There was more about the Vietnamese struggle for independence in the Vietnamese Revolution Museum, which I visited the following morning. There were some interesting photos and I was savouring the electric fans in each room, but like all museums in Hanoi, it closed for lunch at 11.45. I strolled up to the West Lake along Dien Bien Phu Road, clutching my water bottle and sweating profusely - the heat and humidity are such that you find yourself dripping just standing still in the shade. I accidentally took the long way round to the Ho Chi Minh Museum, and then tried to get in the wrong entrance. It took an unnecessary detour, some miming and a scribbled map before the lady at the desk and I understood each other, but I got into the building in the end. Half of the museum was fiven over to old school photo displays and exhibits stuck on walls in the traditional way, but the other half was full of weird postmodern symbolism. There was a plate of giant fruit stuck on a suspended table sticking out of the wall, which was captioned "the symbols of nature in its beauty contrasted with the image of industrial plants in the hall represent Uncle Ho's expectation that Young People shoulder the responsibility for the preservation of peace." Right...

The mausoleum was only open in the mornings, so I was unable to see Uncle Ho 'in person' as it were, but I had a look at his house on stilts and the Presidential Palace.
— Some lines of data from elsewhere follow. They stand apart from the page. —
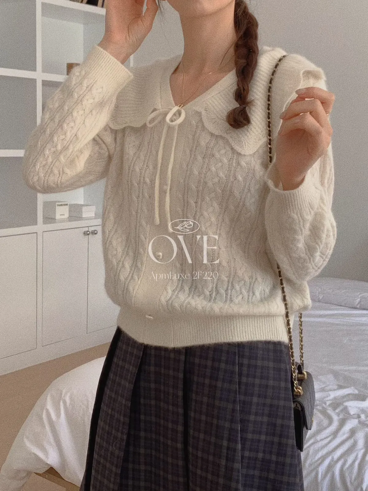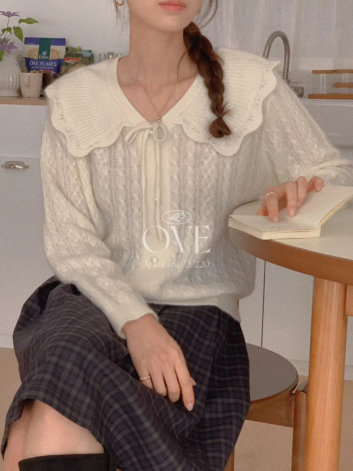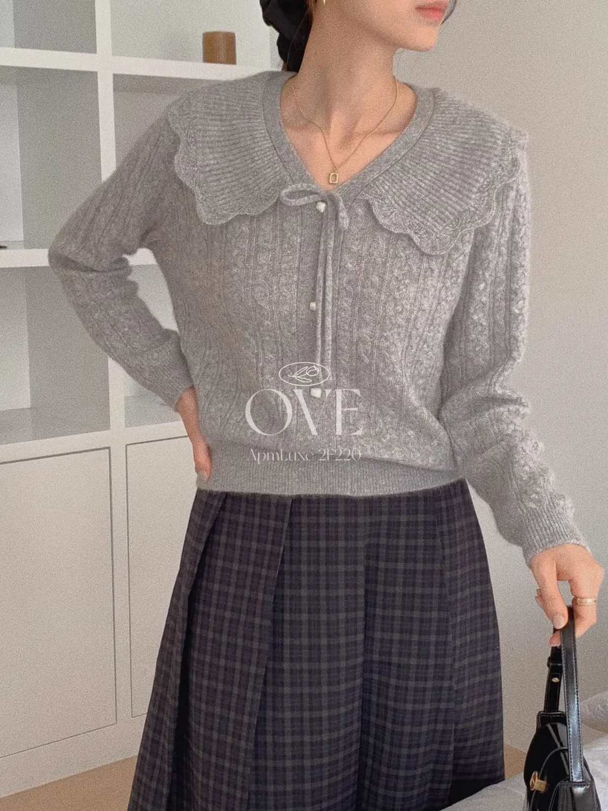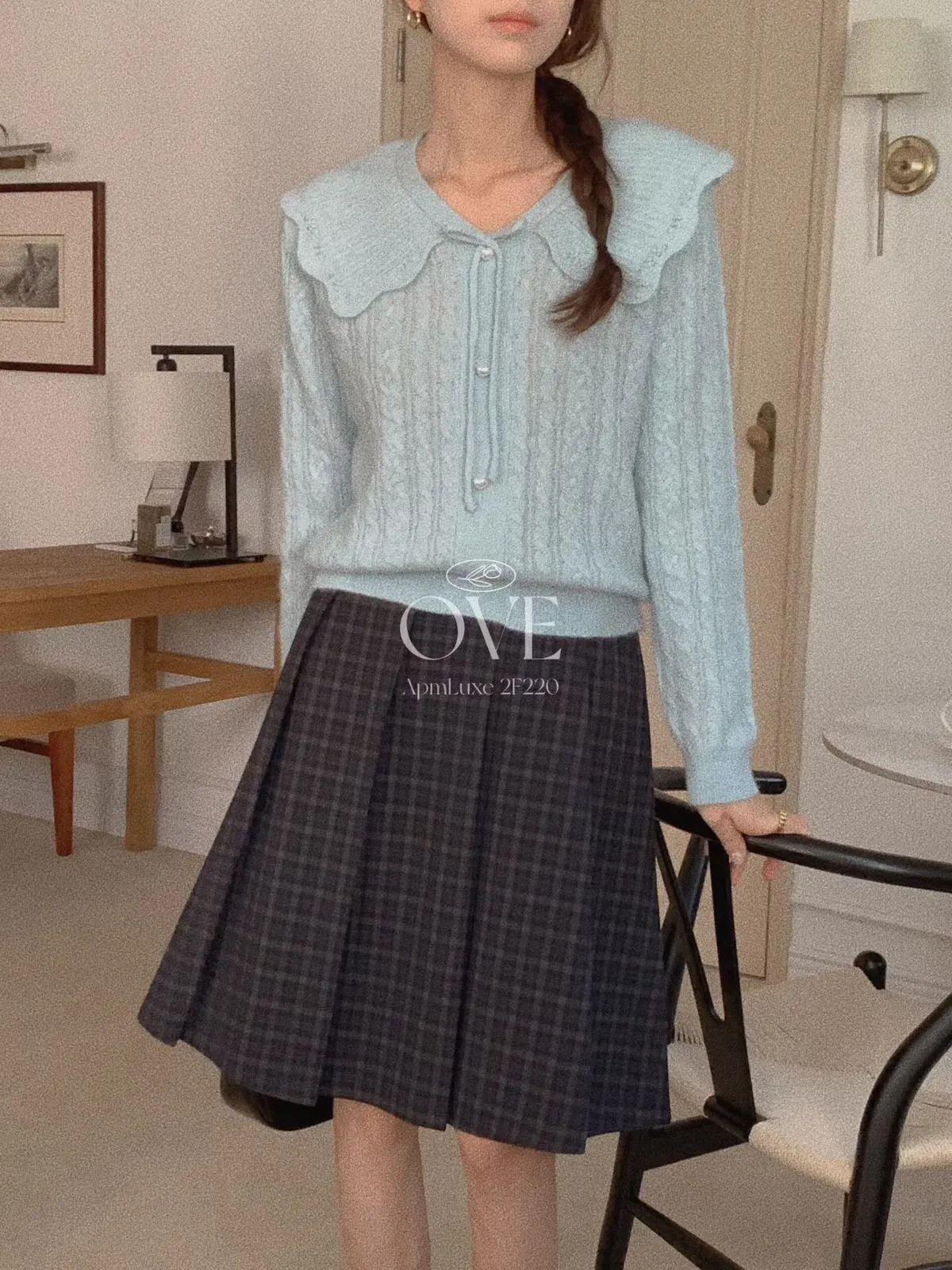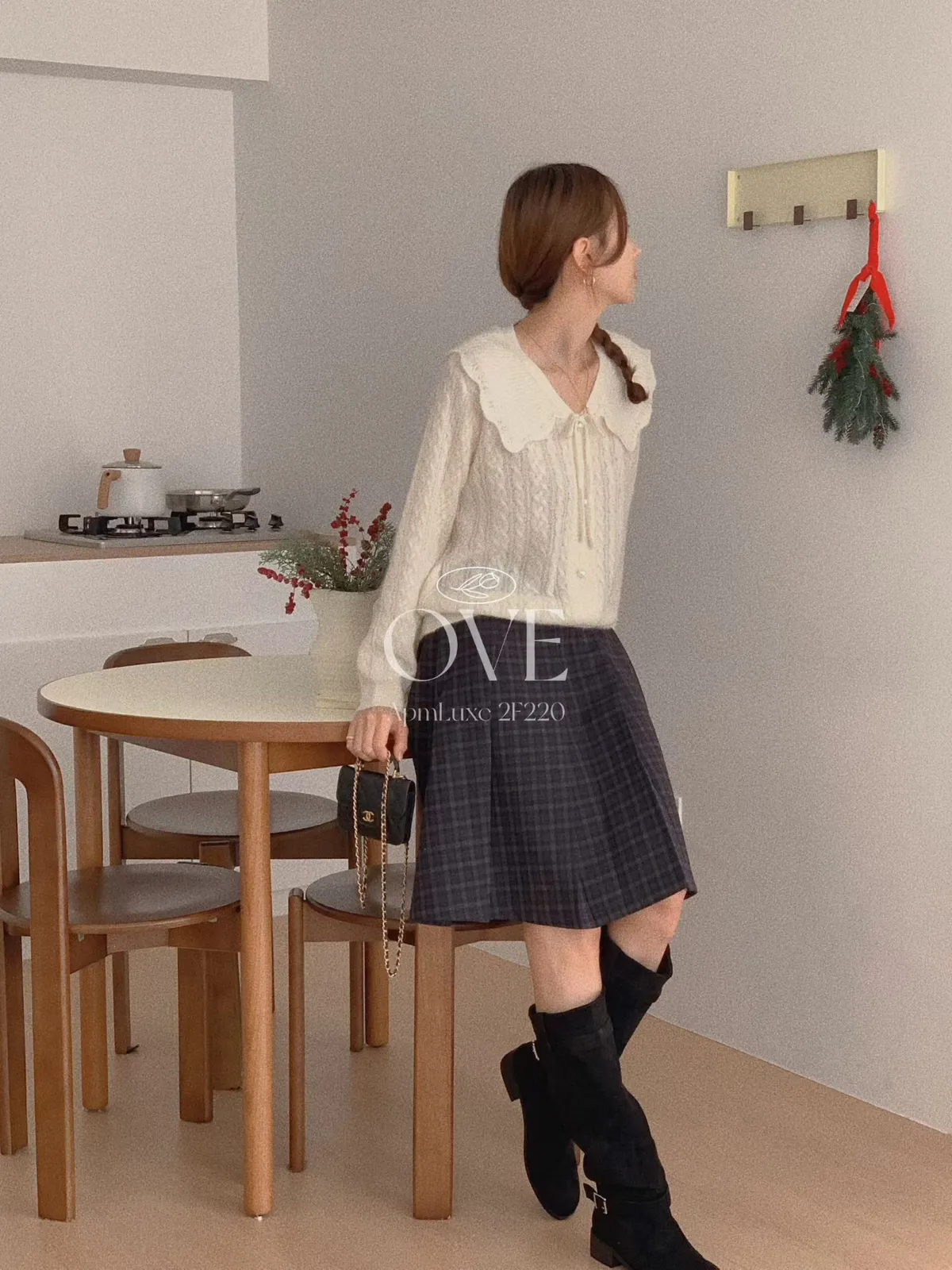 具有甜美的娃娃領和氣質的珍珠鈕釦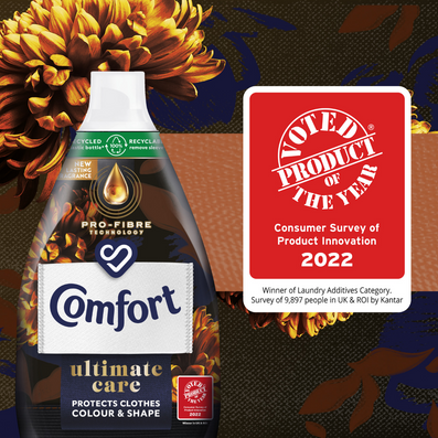 Infused with a luxurious fragrance blend of Sweet Orchid Blossoms, Red Fruit, and Cedarwood, it leaves your laundry with a heavenly scent that lasts long after washing. With sustainability in mind, the bottle is made with recycled plastic (excluding cap, spout, and sleeve) and is fully recyclable once the sleeve is removed. Its ultra-concentrated formula means a little goes a long way, providing lasting freshness and protection with every wash. Trusted in the UK for over 50 years, Comfort continues to care for your clothes so you feel great every day. Cruelty-free.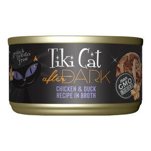 Chicken, chicken broth, chicken liver, chicken gizzard, chicken heart, duck, tricalcium phosphate, potassium chloride, choline chloride, magnesium sulfate, salt, taurine, ferrous sulfate, thiamine mononitrate (vitamin B1), vitamin E supplement, tuna oil, niacin (vitamin B3), zinc oxide, vitamin A supplement, biotin, vitamin B12 supplement, copper amino acid chelate, manganous oxide, calcium pantothenate, riboflavin supplement (vitamin B2), sodium selenite, pyridoxine hydrochloride (vitamin B6), folic acid, potassium iodide, vitamin D3 supplement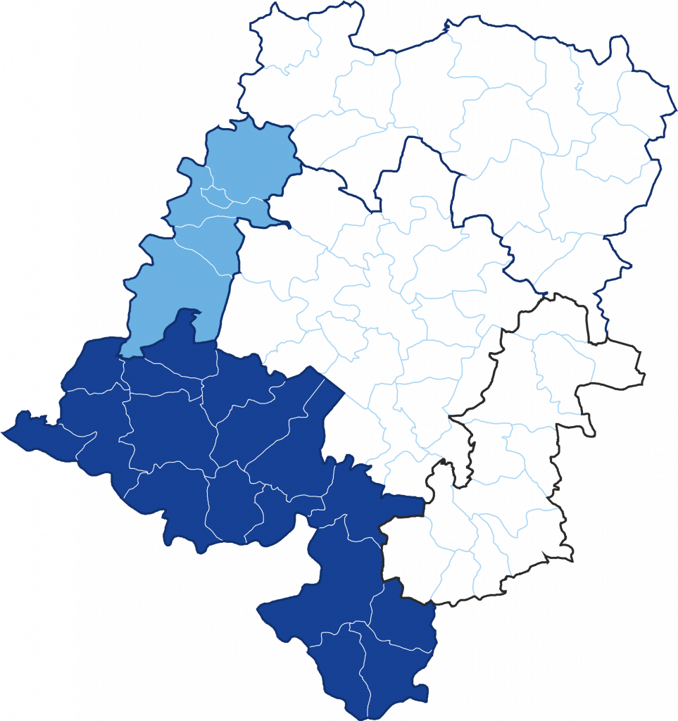Obejmuje gminy: Baborów, Biała, Branice, Brzeg, Głogówek, Głubczyce, Głuchołazy, Grodków, Kamiennik, Kietrz, Korfantów, Lubrza, Lubsza, Łambinowice, Nysa, Olszanka, Otmuchów, Paczków, Pakosławice, Prudnik, Skarbimierz, Skoroszyce.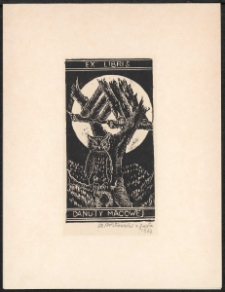 Drzeworyt, 10x5,5 cm. Kompozycja zamknięta, na ekslibrisie sowa siedząca na gałęzi drzewa na tle księżyca w kolorze białem, w górnej części kompozycji napis "Ex libris", w dolnej napis "Danuty Macowej", kolorystyka czarno-biała. Kolekcja Ludwika Piosickiego.

A couple of Vietnamese people I spoke to brought up the topic of Ho Chi Minh, and it was clear that he is still very much respected and revered here. He spent thirty years travelling all over the world before returning to Vietnam to fight for independence.

On my third day in Vietnam, I visited the Perfume Pagoda. It was impossible to get to by public transport, so I took a tour with a couple of Australian guys, a French Canadian girl, two Argentinian women, a Canadian couple of a six month honeymoon, and two Brits from Bristol. We took a bus for a couple of hours, then boarded small boats rowed by strong ladies in conical hats. The landscape was like that of Yangshuo in southern China, with limestone karsts and rice terraces. You can only get 2-3 harvests per year of rice, and it seems like so much work standing in the muddy water, pulling and planting and weeding. Here and there were graves in the paddy fields (someone explained to me that families prefer to bury their dead on their own land), which seemed an odd - and possibly unhygienic - practice. There were herds of ducks everywhere, and the odd water buffalo. Despite its relative isolation, the Perfume Pagoda island was full of tiny cafes, restaurants and stalls selling cold drinks and Buddhist tack to the pilgrims and tourists. The trek to the pagoda was only an hour long, but entirely uphill and after about five minutes we were all soaked through from the exertion. The shrine was actually deep in a cave, and the cool damp air was a welcome relief from the stifling heat. We couldn't smell any perfume - except our own pungent selves - but our guide told us the name came from the frangipani trees along the route.